Delivering Arbitrary-Modal Semantic Segmentation

Jiaming Zhang,Ruiping Liu,Hao Shi,Kailun Yang,Simon Reiß,Kunyu Peng,Haodong Fu,Kaiwei Wang,Rainer Stiefelhagen
2023-03-03
Abstract:Multimodal fusion can make semantic segmentation more robust. However, fusing an arbitrary number of modalities remains underexplored. To delve into this problem, we create the DeLiVER arbitrary-modal segmentation benchmark, covering Depth, LiDAR, multiple Views, Events, and RGB. Aside from this, we provide this dataset in four severe weather conditions as well as five sensor failure cases to exploit modal complementarity and resolve partial outages. To make this possible, we present the arbitrary cross-modal segmentation model CMNeXt. It encompasses a Self-Query Hub (SQ-Hub) designed to extract effective information from any modality for subsequent fusion with the RGB representation and adds only negligible amounts of parameters (~0.01M) per additional modality. On top, to efficiently and flexibly harvest discriminative cues from the auxiliary modalities, we introduce the simple Parallel Pooling Mixer (PPX). With extensive experiments on a total of six benchmarks, our CMNeXt achieves state-of-the-art performance on the DeLiVER, KITTI-360, MFNet, NYU Depth V2, UrbanLF, and MCubeS datasets, allowing to scale from 1 to 81 modalities. On the freshly collected DeLiVER, the quad-modal CMNeXt reaches up to 66.30% in mIoU with a +9.10% gain as compared to the mono-modal baseline. The DeLiVER dataset and our code are at: <a class="link-external link-https" href="https://jamycheung.github.io/DELIVER.html" rel="external noopener nofollow">this https URL</a>.
Computer Vision and Pattern Recognition
What problem does this paper attempt to address?
The problem that this paper attempts to solve is the application of multi - modal fusion in semantic segmentation, especially the fusion problem of an arbitrary number of modalities. Specifically, the author points out that most of the current multi - modal fusion methods mainly focus on specific sensor combinations and lack research on the fusion of more modalities. In addition, the existing multi - modal fusion methods perform poorly when dealing with partial sensor failures, which is a common problem in actual robot systems.

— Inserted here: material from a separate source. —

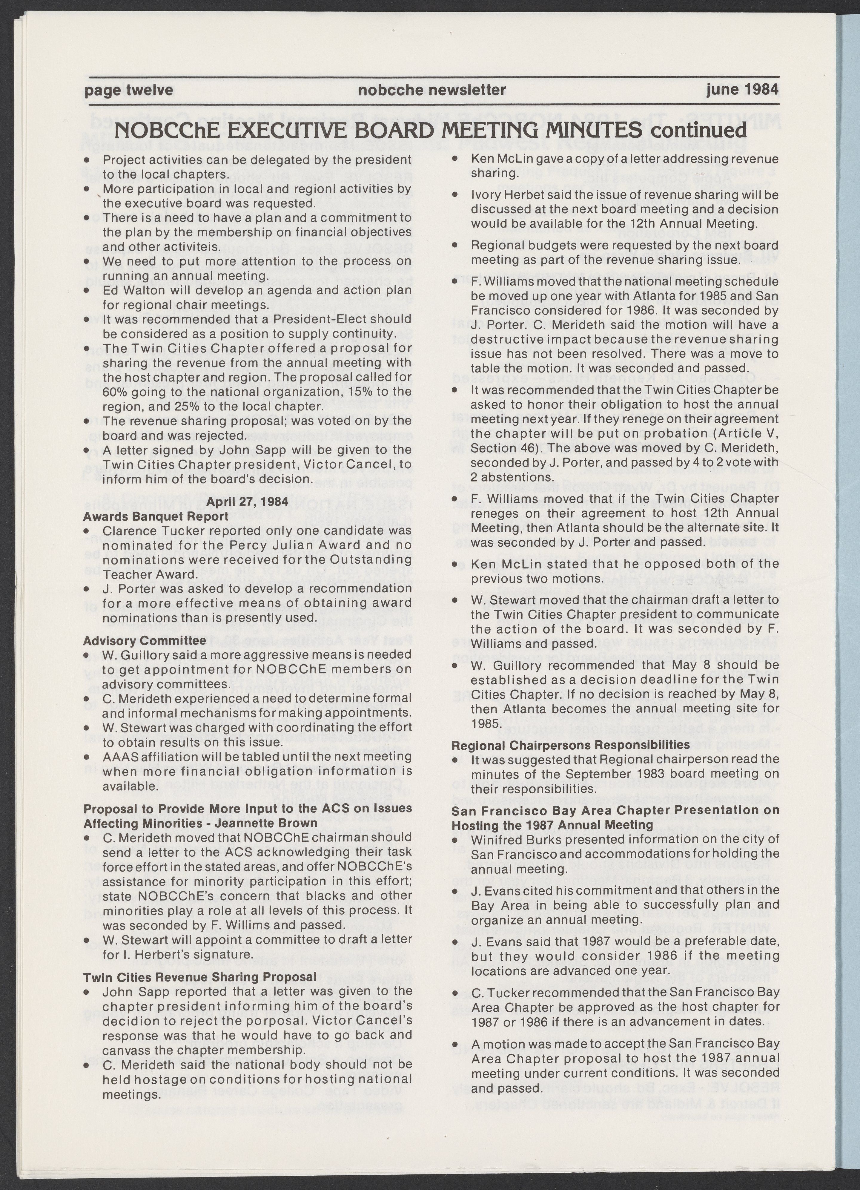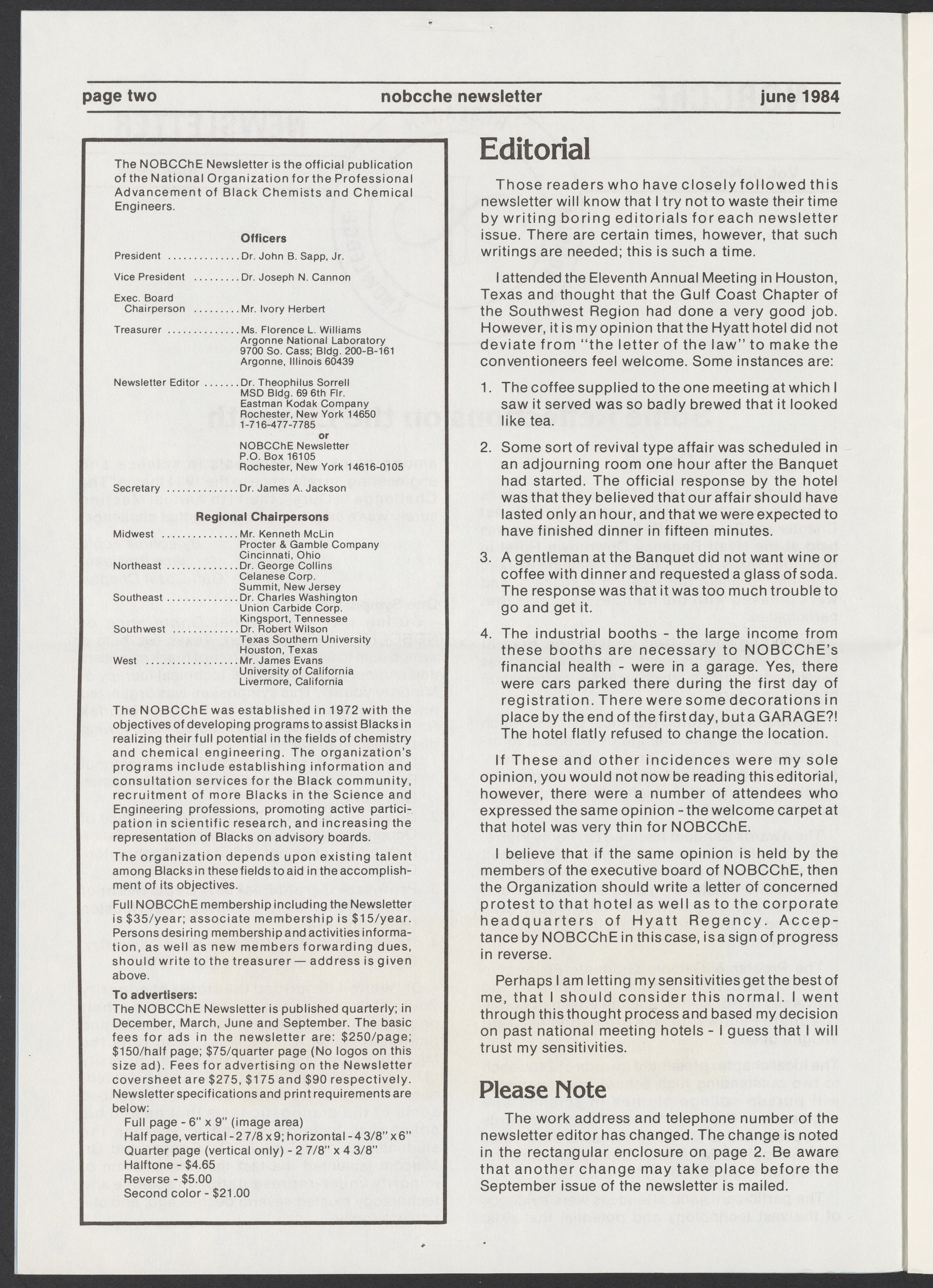 Small JPG1200 x 1685px — 177 KBLarge JPG2880 x 4043px — 1.3 MBFull-sized JPG4462 x 6264px — 3.3 MBOriginal fileTIFF — 4462 x 6264px — 80.0 MBJune 1984 issue of the National Organization for the Professional Advancement of Black Chemists and Chemical Engineers (NOBCChE) Newsletter.

To solve these problems, the author proposes the following key points: 1. **Create a new benchmark dataset**: The author creates a new multi - modal dataset named DELIVER based on the CARLA simulator. This dataset contains depth, lidar, multi - view, event and RGB images, and provides four severe weather conditions and five sensor failure modes to explore modal complementarity and solve the partial sensor failure problem. 2. **Propose a new multi - modal fusion framework**: The author proposes an arbitrary cross - modal segmentation model named CMNeXt, which adopts a novel Hub2Fuse paradigm with an asymmetric dual - branch structure. One branch is used to process RGB images, and the other branch is used to process multiple auxiliary modalities. Useful features are dynamically selected through the Self - Query Hub and these features are efficiently fused through the Parallel Pooling Mixer. 3. **Verify the effectiveness of the model**: The author conducts extensive experiments on multiple public datasets, including DELIVER, KITTI - 360, MFNet, NYU Depth V2, UrbanLF and MCubeS. The experimental results show that CMNeXt achieves state - of - the - art performance on these datasets, especially in dealing with multi - modal fusion and sensor failures. In conclusion, this paper aims to solve the deficiencies of existing methods in dealing with an arbitrary number of modalities and partial sensor failures by creating a new dataset and proposing a new multi - modal fusion framework, thereby improving the robustness and accuracy of semantic segmentation.